_Work to be completed_
Return every entry below exactly as written, minus the pictures.
Dataset records START
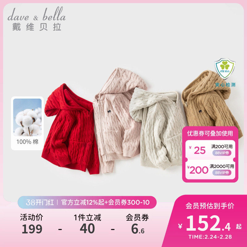 戴维贝拉儿童毛衣外套春装男女童纯棉绞花针织衫宝宝麻花拉链开衫
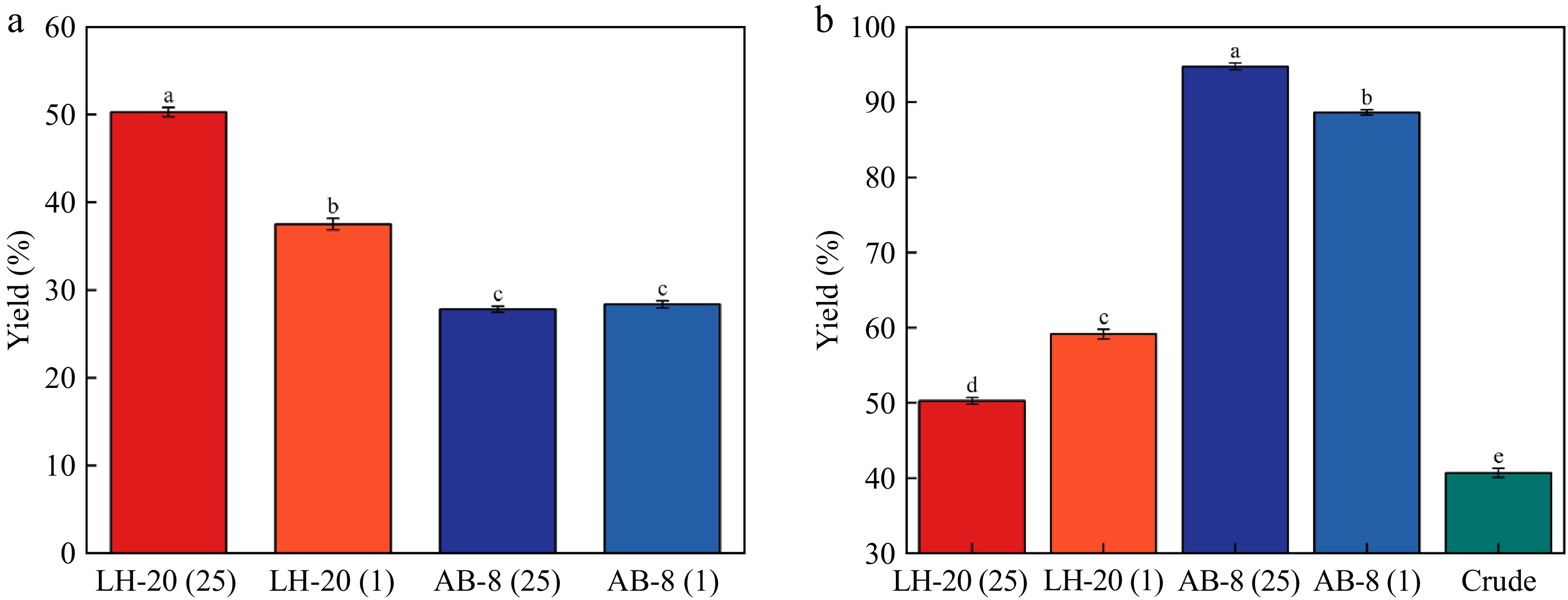 As shown in Fig. 3, the purified yield of Sephadex LH-20 with 25 mg/mL loading volume of 1 mL was the highest, reaching 53.91%; however, the purification rate is the lowest compared with the crude product. AB-8 macroporous resin with 25 mg/mL loading volume of 1 mL had the lowest yield following purification; however, the purity was up to 94%, which was similar to the results of previous studies using macroporous resin purification[48]. Overall, the purity of macroporous resin purification is better than that of Sephadex LH-20. Although Sephadex LH-20 has the advantages of smooth and stable sample loading, high yield, and high absorption rate during sample loading, AB-8 macroporous resin is more suitable for PAs purification because the purity of PAs obtained from macroporous resin is much higher than that of Sephadex LH-20 purification.
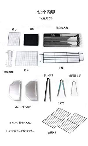 | 素材 | 本体・小テーブル・独立炭入れ・網用持ち手・トング:ステンレス/炭網:スチール/網:クロームメッキ銅/鉄板:鋳鉄/下棚:メッキ/調味料棚:アルミニウム合金/炭ハサミ:鉄電着塗装 |
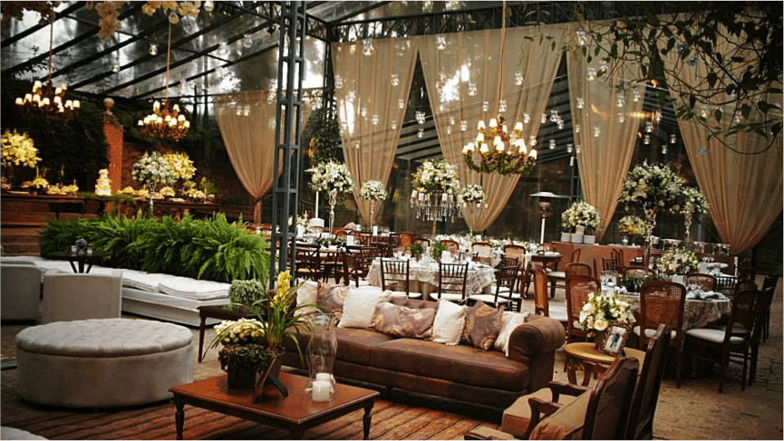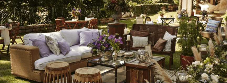 - Utilização, como item de decoração, do “Garden Seat”. O banco garden seat pode ser colocado junto à mesa de doce; junto à estande de bem casados; na mesa de café; na área de fumantes. A colocação de unidades de garden seat confere leveza e descontração à decoração;
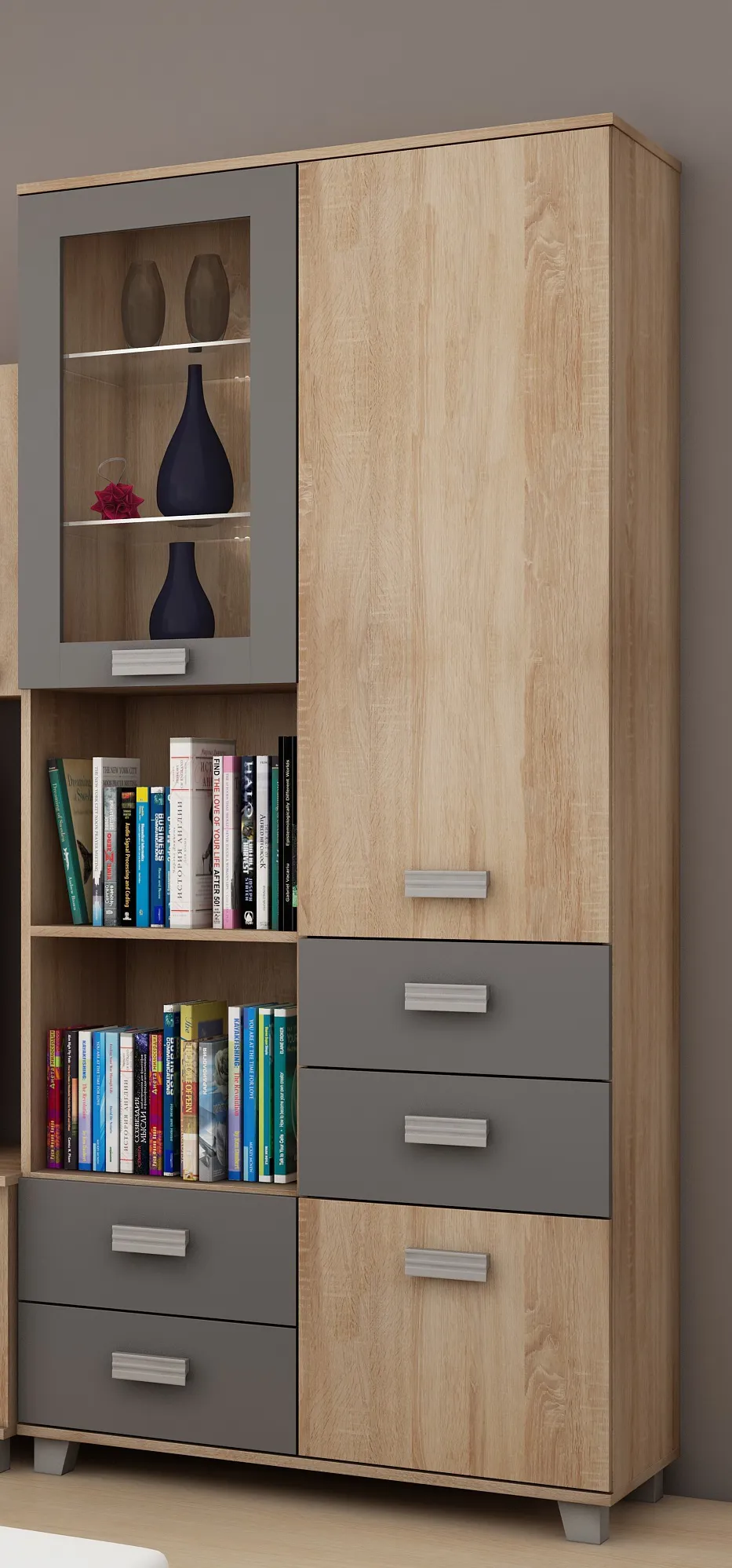 Obývací stěna Barva: dub sonoma/grafit Materiál: lamino 16 mm Součástí sestavy je (rozměry šxvxhl): * regál (90 x 200 x 42 cm) * RTV stolek (120 x 47 x 47 cm) * skříň (80 x 200 x 54 cm)
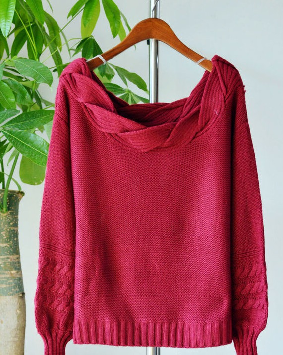 (1)物品名稱/網址:甜美性感兼具的一字領露肩麻花毛衣紅色
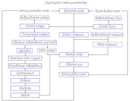 2. Технологическую часть, в которой представлены структурные схемы технологических процессов шиномонтажа, ремонта топливной апаратуры дизельных двигателей грузовых автомобилей с подбором соответствующего оборудования и инструмента.
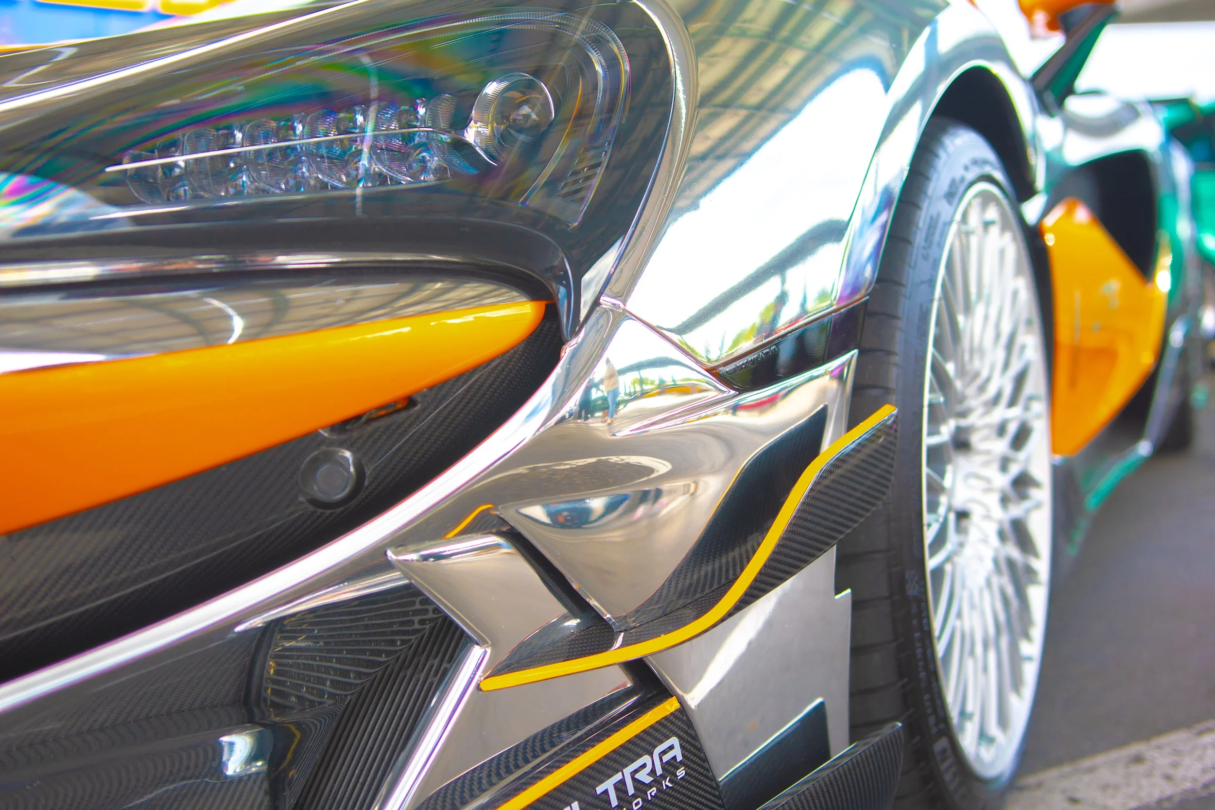 Amoung the prides of lions and seas of supercars, this McLaren caught my eye. One of the only cars I noticed that seemed to be just as colorful as the dancing lions. This chrome and orange car is owned by the Paint Protection Company (PPF) called Ultra Autoworks.
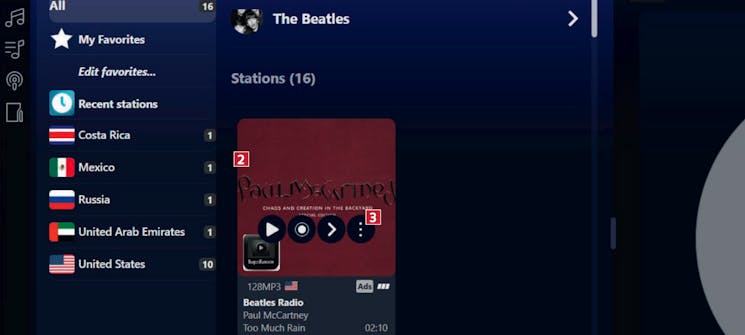 Oversikten viser radiokanaler som spiller musikk av den valgte artisten. Før musepekeren over en radiokanal i listen 2. Klikk på de tre prikkene 3.
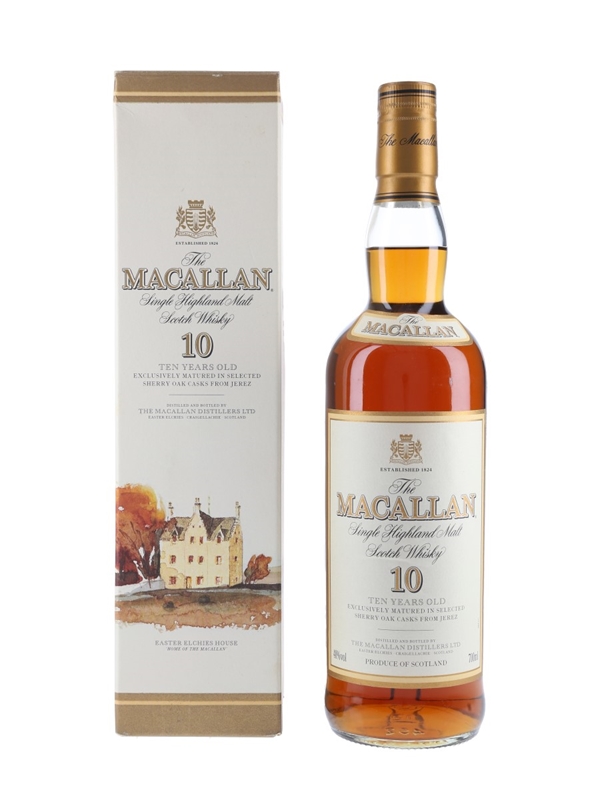 An old presentation bottle of The Macallan 10 Year Old Single Highland Malt Scotch Whisky. We estimate this was bottled in the early 2000s.
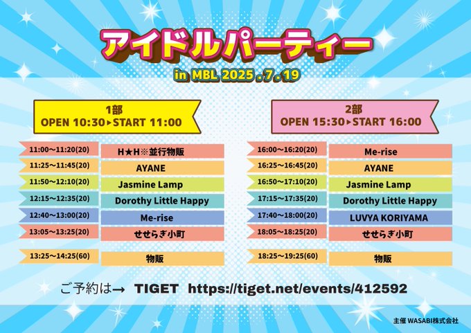 IDOL STAGE LUVYA郡山@LIdolstage·✨おすすめ✨ 明日は対バンライブ👍 本日、23:59まで前売り予約受付中❣ 7/19(土) MBL アイドルパーティー in MBL 2025 7 19 ②Start 16:00 ■料金 前売2,500円(D別) 🎫https://tiget.net/events/412592 ※凛、れい、いろはの出演になります。 ※2部のみの出演です。 ※ラブヤのステージは撮影禁止361,645
Dataset records END
_Reply to the task_
 戴维贝拉儿童毛衣外套春装男女童纯棉绞花针织衫宝宝麻花拉链开衫
 As shown in Fig. 3, the purified yield of Sephadex LH-20 with 25 mg/mL loading volume of 1 mL was the highest, reaching 53.91%; however, the purification rate is the lowest compared with the crude product. AB-8 macroporous resin with 25 mg/mL loading volume of 1 mL had the lowest yield following purification; however, the purity was up to 94%, which was similar to the results of previous studies using macroporous resin purification[48]. Overall, the purity of macroporous resin purification is better than that of Sephadex LH-20. Although Sephadex LH-20 has the advantages of smooth and stable sample loading, high yield, and high absorption rate during sample loading, AB-8 macroporous resin is more suitable for PAs purification because the purity of PAs obtained from macroporous resin is much higher than that of Sephadex LH-20 purification.
 | 素材 | 本体・小テーブル・独立炭入れ・網用持ち手・トング:ステンレス/炭網:スチール/網:クロームメッキ銅/鉄板:鋳鉄/下棚:メッキ/調味料棚:アルミニウム合金/炭ハサミ:鉄電着塗装 |
 - Utilização, como item de decoração, do “Garden Seat”. O banco garden seat pode ser colocado junto à mesa de doce; junto à estande de bem casados; na mesa de café; na área de fumantes. A colocação de unidades de garden seat confere leveza e descontração à decoração;
 Obývací stěna Barva: dub sonoma/grafit Materiál: lamino 16 mm Součástí sestavy je (rozměry šxvxhl): * regál (90 x 200 x 42 cm) * RTV stolek (120 x 47 x 47 cm) * skříň (80 x 200 x 54 cm)
 (1)物品名稱/網址:甜美性感兼具的一字領露肩麻花毛衣紅色
 2. Технологическую часть, в которой представлены структурные схемы технологических процессов шиномонтажа, ремонта топливной апаратуры дизельных двигателей грузовых автомобилей с подбором соответствующего оборудования и инструмента.
 Amoung the prides of lions and seas of supercars, this McLaren caught my eye. One of the only cars I noticed that seemed to be just as colorful as the dancing lions. This chrome and orange car is owned by the Paint Protection Company (PPF) called Ultra Autoworks.
 Oversikten viser radiokanaler som spiller musikk av den valgte artisten. Før musepekeren over en radiokanal i listen 2. Klikk på de tre prikkene 3.
 An old presentation bottle of The Macallan 10 Year Old Single Highland Malt Scotch Whisky. We estimate this was bottled in the early 2000s.
 IDOL STAGE LUVYA郡山@LIdolstage·✨おすすめ✨ 明日は対バンライブ👍 本日、23:59まで前売り予約受付中❣ 7/19(土) MBL アイドルパーティー in MBL 2025 7 19 ②Start 16:00 ■料金 前売2,500円(D別) 🎫https://tiget.net/events/412592 ※凛、れい、いろはの出演になります。 ※2部のみの出演です。 ※ラブヤのステージは撮影禁止361,645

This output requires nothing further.